Opened 4 years ago

Closed 4 years ago

Last modified 2 years ago

#32244 closed Cleanup/optimization (wontfix)

ORM inefficiency: ModelFormSet executes a single-object SELECT query per formset instance when saving/validating

Reported by: Lushen Wu Owned by: nobody
Component: Database layer (models, ORM) Version: 3.1
Severity: Normal Keywords: formsets
Cc: Triage Stage: Unreviewed
Has patch: no Needs documentation: no
Needs tests: no Patch needs improvement: no
Easy pickings: no UI/UX: no

Description (last modified by Lushen Wu)

Conceptual summary of the issue:
Let's say we have a Django app with Author and Book models, and use a BookFormSet to add / modify / delete books that belong to a given Author. The problem is when the BookFormSet is validated, ModelChoiceField.to_python() ends up calling self.queryset.get(id=123) which results in a single-object SELECT query for each book in the formset. That means if I want to update 15 books, Django performs 15 separate SELECT queries, which seems incredibly inefficient. (Our actual app is an editor that can update any number of objects in a single formset, e.g. 50+).

My failed attempts to solve this:

  1. First I tried passing a queryset to the BookFormSet, i.e. formset = BookFormSet(data=request.POST, queryset=Book.objects.filter(author=1)), but the ModelChoiceField still does its single-object SELECT queries.
  2. Then I tried to see where the ModelChoiceField defines its queryset, which seems to be in BaseModelFormSet.add_fields(). I tried initiating the ModelChoiceField with the same queryset that I passed to the formset, e.g. Book.objects.filter(author=1) instead of the original code which would be Book._default_manager.get_queryset(). But this doesn't help because I guess the new queryset I defined isn't actually linked to what was passed to the formset (and already evaluated). So the multiple SELECT queries still happen. (Note: I realize _default_manager.get_queryset() might be necessary in cases where the formset can be used to switch one Model instance to another instance which might not be in the original queryset passed to the BaseModelFormset, but this is not our use case)
  3. I noticed that BaseModelFormSet._existing_object() actually provides a way to check whether an object exists in the queryset that was giving to the formset constructor, which means that queryset is evaluated at most once and the results stored in BaseModelFormSet._object_dict. I thought there might be some way to have ModelChoiceField.to_python() do something similar before calling self.queryset.get(id=123), but I don't think ModelChoiceField is aware of BaseModelFormSet, and it would seem an anti-pattern to reach up the hierarchy like this.

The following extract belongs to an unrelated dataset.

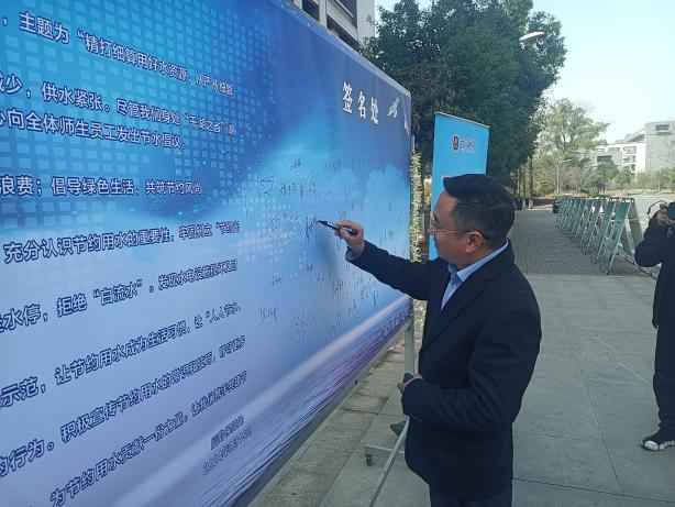 3月18日,后勤保障处向全校发布《节水倡议书》,并在展览现场设置节水倡议书签名墙,在签名墙前,师生们纷纷驻足,认真阅读节水倡议书,并在倡议书上签下自己的名字,以示支持和积极践行节水行动。

The easiest solution seems to me to pass BaseModelFormSet._object_dict in some way to each ModelForm that's created, and then allow the ModelChoiceField to check this _object_dict before making another SELECT query.

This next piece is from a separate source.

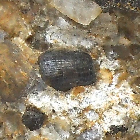 Unidentified Type. This lovely Triassic age reptile jaw fragment is a good specimen measuring 4 mm in length. It is Late Triassic age circa 210 million years old and comes from the Westbury Formation, Penarth Group of Blue Anchor, Somerset, UK. Supplied labelled. Priced at £15. SOLD. Quote reference number R 905.

Even if this could be solved with some form of DB caching, it still seems inefficient application-layer logic.

Change History (16)

comment:1 by Lushen Wu, 4 years ago

Description: modified (diff)

comment:2 by Lushen Wu, 4 years ago

Description: modified (diff)

comment:3 by Lushen Wu, 4 years ago

Description: modified (diff)

comment:4 by Lushen Wu, 4 years ago

Description: modified (diff)

comment:5 by Lushen Wu, 4 years ago

Is this a more fundamental aspect of Django ORM behavior? In that if I have qs = Book.objects.filter(author=1) (let's say this gives back 3 Books with id = 1,2,3), and then evaluate it -- i.e. len(list(qs)) -- and then try book2 = qs.get(id=2) this will still run a SELECT query even though book2 was already fetched when the original queryset was evaluated

comment:6 by Lushen Wu, 4 years ago

I figured out a very hacky workaround that preserves the formset functionality we need. Basically in BookForm you can override ModelForm._clean_fields()

def _clean_fields(self):
        # remove 'id' field so it's not cleaned 
        # (this is the ModelChoiceField that's generating an extra SELECT query per Book object in the formset during clean)
        id_field = self.fields.pop('id')

        # run normal cleaning, with the form now unaware of its own 'id' field
        super(BookForm, self)._clean_fields()

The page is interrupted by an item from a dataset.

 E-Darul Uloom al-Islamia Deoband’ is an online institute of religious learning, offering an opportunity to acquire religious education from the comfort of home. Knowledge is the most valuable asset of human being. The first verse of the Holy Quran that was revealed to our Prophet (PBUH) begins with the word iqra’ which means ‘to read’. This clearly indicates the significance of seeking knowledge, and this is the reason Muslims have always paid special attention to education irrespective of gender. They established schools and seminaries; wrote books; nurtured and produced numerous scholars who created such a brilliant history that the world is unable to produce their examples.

        # add 'id' field back and insert it into clean_data
        id_value = id_field.widget.value_from_datadict(self.data, self.files, self.add_prefix('id'))
        self.cleaned_data['id'] = id_value

        # add the 'id' field back into the form
        self.fields['id'] = id_field

comment:7 by Carlton Gibson, 4 years ago

Resolution: wontfix
Status: newclosed

Hi. Thanks for the report.

It looks like you'e dug into the various aspects.

This seems to make the most sense to me:

The easiest solution seems to me to pass BaseModelFormSet._object_dict in some way to each ModelForm that's created, and then allow the ModelChoiceField to check this _object_dict before making another SELECT query.

You'd pass a reference via the form kwargs, and then need a custom form and ModelChoiceField subclass to make use of it in to_python().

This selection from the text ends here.